Let’s Get Stoop’d: This Tempest doesn’t add up to squat.
Let’s Get Stoop’d: This Tempest doesn’t add up to squat.

Trinculo gets a wedgie, Ariel has an attitude problem, and director Timothy S. Shaw makes a broadly funny “scamels” joke, but none of these flourishes can rescue the Keegan Theatre’s Tempest: “Waterlogged” is too strong a word for this uneven take on Shakespeare’s tale of shipwreck and magic and calling to account, so let’s just say that Shaw’s largely youngish ensemble is decidedly out of its depth. There are bright spots: George Lucas’ ambitious set design allows Shaw to put his cast aboard ship for that opening sea-storm before spilling them onto the sandy beach of Prospero’s island when the storm’s impressive noise has subsided. (As Tempest tempests go, this budget storm is nearly as effective as the expensive typhoon that got itself overproduced at the Shakespeare Theatre a couple of seasons ago.) But there’s thunder and lightning in this play’s language, as well, and too much of that goes missing here.
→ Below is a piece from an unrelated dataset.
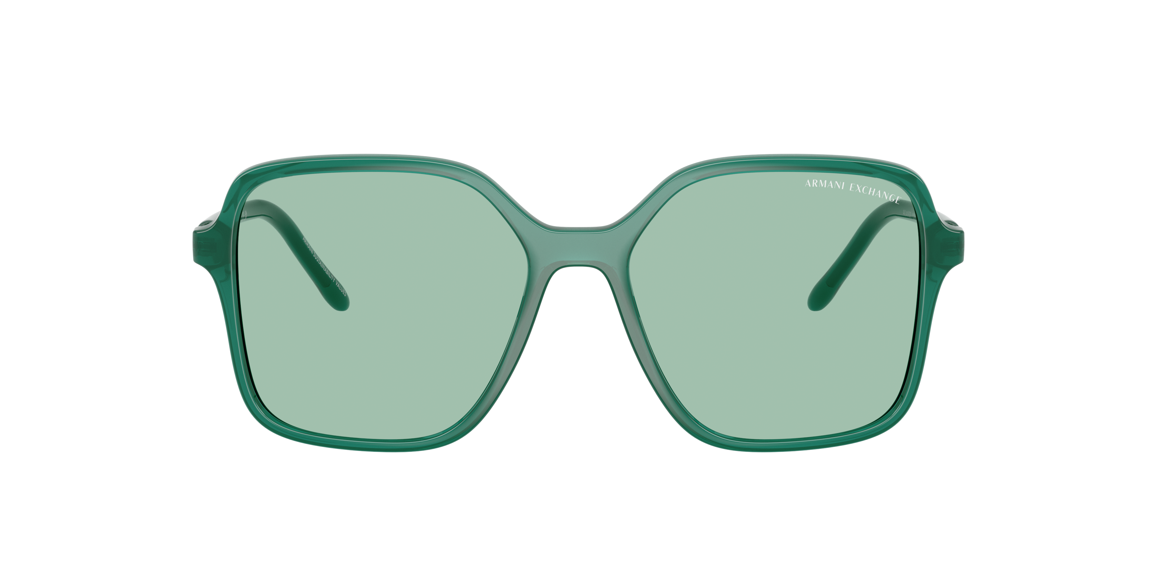 Elevate your style with Armani Exchange AX4163S. The butterfly shape and polished opal teal frame color are a modern twist on a timeless design. These shades feature solid green lenses that provide optimal protection against the sun's rays. Embrace the luxury of Armani Exchange and discover fashion-forward optics at its finest.

Robert Leembruggen shapes many of the exiled Duke Prospero’s speeches handsomely—the long opening narrative that explains their flight from Milan to his daughter Miranda is nicely done—but most of the players around him seem to find Shakespeare’s dramatic rhythms uncomfortable and his verse too much of a mouthful. And there’s something intriguingly beaten-down about the resentful body language Courtney Weber creates for her birdlike Ariel; there’s always something of the bully about Prospero, something exploitative and arrogant about the way he commands spirits and manipulates his friends and foes alike, and Weber helps make that plainer than usual. In fact, the most striking thing about this Tempest is the bitter tang that lingers through to its conclusion, when Prospero reveals himself to the men who plotted to deprive him of his dukedom, offering both remedy and forgiveness as he prepares to resign his magic and assume a simpler humanity: Shaw seems to be interested in where the limits of forgiveness lie, so his Ariel takes no joy in her freedom, and there’s no peace made between Prospero and his usurper brother. In a play whose emotional resonance usually depends on a graceful exit for everyone—it’s thought of as Shakespeare’s valedictory, a farewell to the theater and a laying-down of his own particular magic—the danger that broods over Prospero’s epilogue feels arrestingly different.